A little illustration of what shallow copy is:
def mutate hash
hash[:new] = 1
hash[:existing][:value] = 2
hash
end
h = {existing: {value: 1}}
mutate h # => {:existing=>{:value=>2}, :new=>1}
# new member added, existing member changed
h # => {:existing=>{:value=>2}, :new=>1}
h = {existing: {value: 1}}
mutate h.dup # => {:existing=>{:value=>2}, :new=>1}
# existing member changed, no new members
h # => {:existing=>{:value=>2}}
In ruby, just about every object is passed by reference. This means when you do something as simple as
a = b
unless a was one of the simple types, after this assignment a and b will point to the same thing.
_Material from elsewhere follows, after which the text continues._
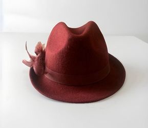 Red Wine Burgundy Felt Fedora Feather Band One Size Os$11Long Beach, CA
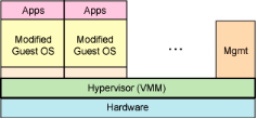 它与完全虚拟化有一些类似,它也利用Hypervisor来实现对底层硬件的共享访问,但是由于在Hypervisor 上面运行的Guest OS已经集成与半虚拟化有关的代码,使得Guest OS能够非常好地配合Hyperivosr来实现虚拟化。通过这种方法将无需重新编译或捕获特权指令,使其性能非常接近物理机,其最经典的产品就是Xen,而且因为微软的Hyper-V所采用技术和Xen类似,所以也可以把Hyper-V归属于半虚拟化。

This means if you alter the second variable, the first is affected the same way:
irb(main):001:0> x = "a string"
=> "a string"
irb(main):002:0> y = x
=> "a string"
irb(main):003:0> x[1,0] = "nother"
=> "nother"
irb(main):004:0> x
=> "another string"
irb(main):005:0> y
=> "another string"
irb(main):006:0>
and of course the same applies for hashes:
irb(main):006:0> a = { :a => 1 }
=> {:a=>1}
irb(main):007:0> b = a
=> {:a=>1}
irb(main):008:0> a[:b] = 2
=> 2
irb(main):009:0> a
=> {:a=>1, :b=>2}
irb(main):010:0> b
=> {:a=>1, :b=>2}
irb(main):011:0>
If you don't want this to happen, use .dup or .clone:
irb(main):001:0> a = "a string"
=> "a string"
irb(main):002:0> b = a.dup
=> "a string"
irb(main):003:0> a[1,0] = "nother"
=> "nother"
irb(main):004:0> a
=> "another string"
irb(main):005:0> b
=> "a string"
irb(main):006:0>
For most people dup and clone have the same effect.
So if you write a function that modifies one of its parameters, unless you specifically want those changes to be seen by the code that calls the function, you should first dup the parameter being modified:
def test_111(hash)
hash = hash.dup
# etc
end
The behavior of your code is called a side effect - a change to the program's state that isn't a core part of the function. Side effects are generally to be avoided.